The material below holds pictures, which are to be left out; copy exactly the lines from the one with "Fluge vorbei. Im" through the one with "Kadınlar için tasarlanmış, düğmeli".

Provided data:
*-*-*

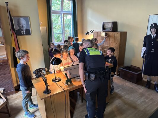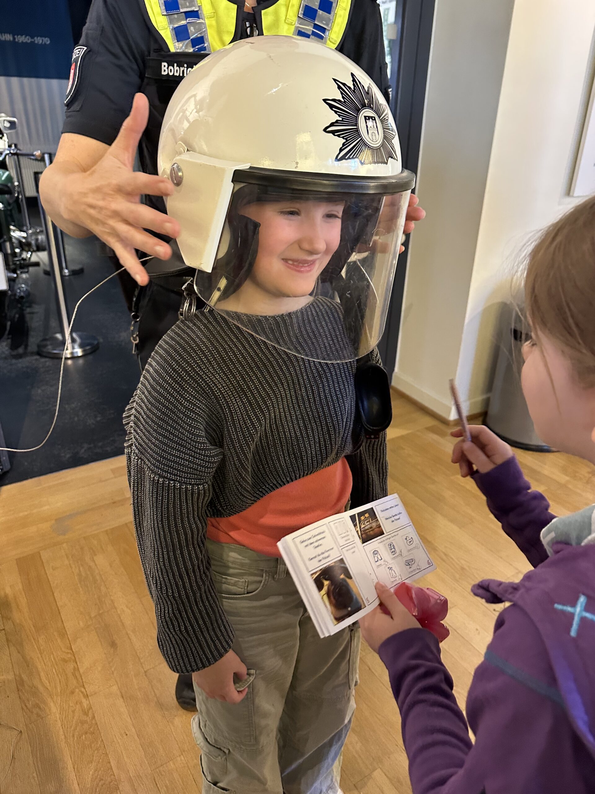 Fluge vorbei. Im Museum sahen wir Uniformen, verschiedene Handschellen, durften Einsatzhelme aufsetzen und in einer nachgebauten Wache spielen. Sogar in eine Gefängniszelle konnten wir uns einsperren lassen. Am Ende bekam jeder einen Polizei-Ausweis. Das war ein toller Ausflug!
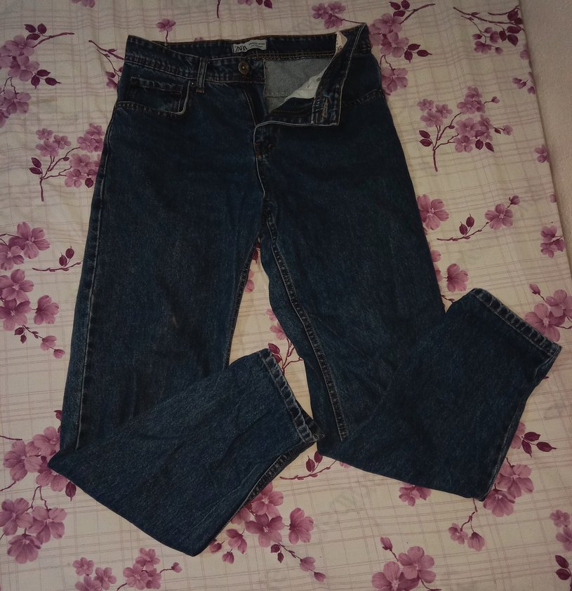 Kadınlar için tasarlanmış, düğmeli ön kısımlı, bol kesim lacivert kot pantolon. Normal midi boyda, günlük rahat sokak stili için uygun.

*-*-*

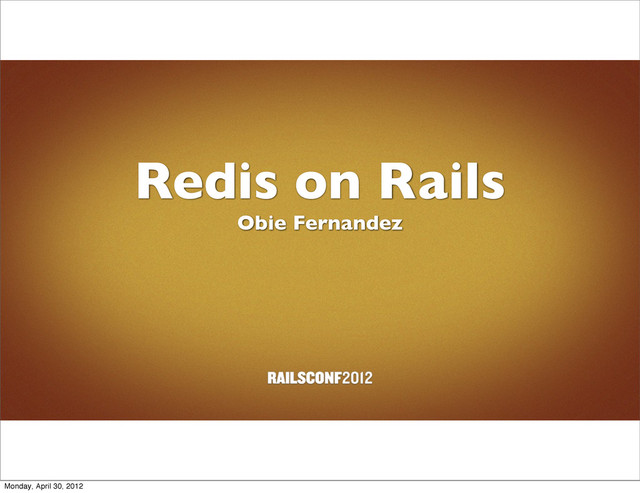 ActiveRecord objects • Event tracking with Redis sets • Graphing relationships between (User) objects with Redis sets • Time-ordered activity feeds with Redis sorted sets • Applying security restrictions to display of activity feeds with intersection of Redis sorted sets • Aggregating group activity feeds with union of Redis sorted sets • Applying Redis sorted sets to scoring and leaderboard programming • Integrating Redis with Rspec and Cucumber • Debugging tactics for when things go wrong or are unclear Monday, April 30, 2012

*-*-*

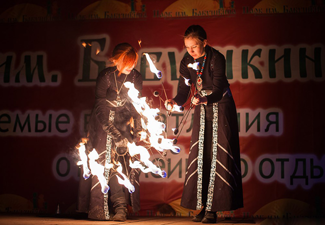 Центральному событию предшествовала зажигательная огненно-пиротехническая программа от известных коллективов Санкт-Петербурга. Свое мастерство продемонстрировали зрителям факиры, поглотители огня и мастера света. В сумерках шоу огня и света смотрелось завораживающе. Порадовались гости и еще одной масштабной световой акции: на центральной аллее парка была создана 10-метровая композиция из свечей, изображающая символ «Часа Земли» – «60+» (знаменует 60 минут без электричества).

*-*-*

Task answer:
 Fluge vorbei. Im Museum sahen wir Uniformen, verschiedene Handschellen, durften Einsatzhelme aufsetzen und in einer nachgebauten Wache spielen. Sogar in eine Gefängniszelle konnten wir uns einsperren lassen. Am Ende bekam jeder einen Polizei-Ausweis. Das war ein toller Ausflug!
 Kadınlar için tasarlanmış, düğmeli ön kısımlı, bol kesim lacivert kot pantolon. Normal midi boyda, günlük rahat sokak stili için uygun.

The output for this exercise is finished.